# Интернет о суициде > Другие о суициде >  Аудио-дорожки о суициде

## buster777

Отрывок из книги "Р.А.Б" (Рациональная Альтернатива Безработице) известного бизнесмена и писателя 
Сергея Минаева
http://letitbit.net/download/8986.84....__._.mp3.html
PS. Речь про суицид в данном отрывке начинается на 1:10 минуте ...

----------


## огрызок тепла

дай почитаааать,а?есть в электронном виде?я чего-то пока нагуглить не могу.

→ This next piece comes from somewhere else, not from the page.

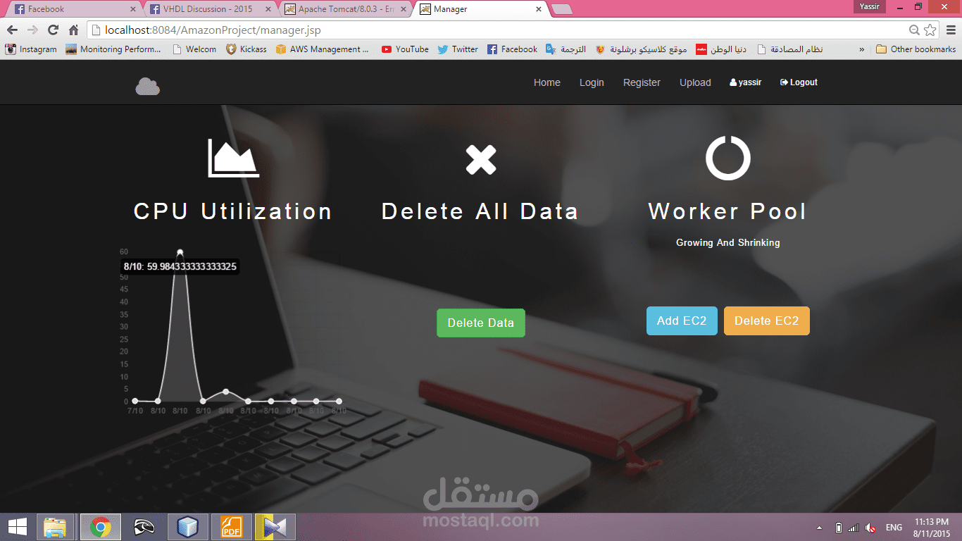 لوحة تحكم لل admin يمكنه من خلالها حزف جميع الصور من s3 وانشاء ec2 جديد وايقاف الحالي

я нашлаааааа, я скачала...а аудиофайлы я не люблю. мне нравится самой читать. только читать завтра буду. а сейчас спать

----------


## buster777

Книга не про суицид.....А про жизнь одного менеджера до и после кризиса))) Приятного чтения))

----------


## огрызок тепла

да знаю я, что не про суицид.просто по тематике вроде бы есть что-то общее с зарубежными авторами. тем же палаником например. типа офисный планктон бунтует... вот прочитаю и выскажусь. пока читать не начала еще. так, кусочками только.

----------


## buster777

> что-то общее с зарубежными авторами. тем же палаником например. типа офисный планктон бунтует....


 Не совсем так...почитай....Как говорит сам Минаев "Я писал книгу для циничных подонков, как и я сам"

----------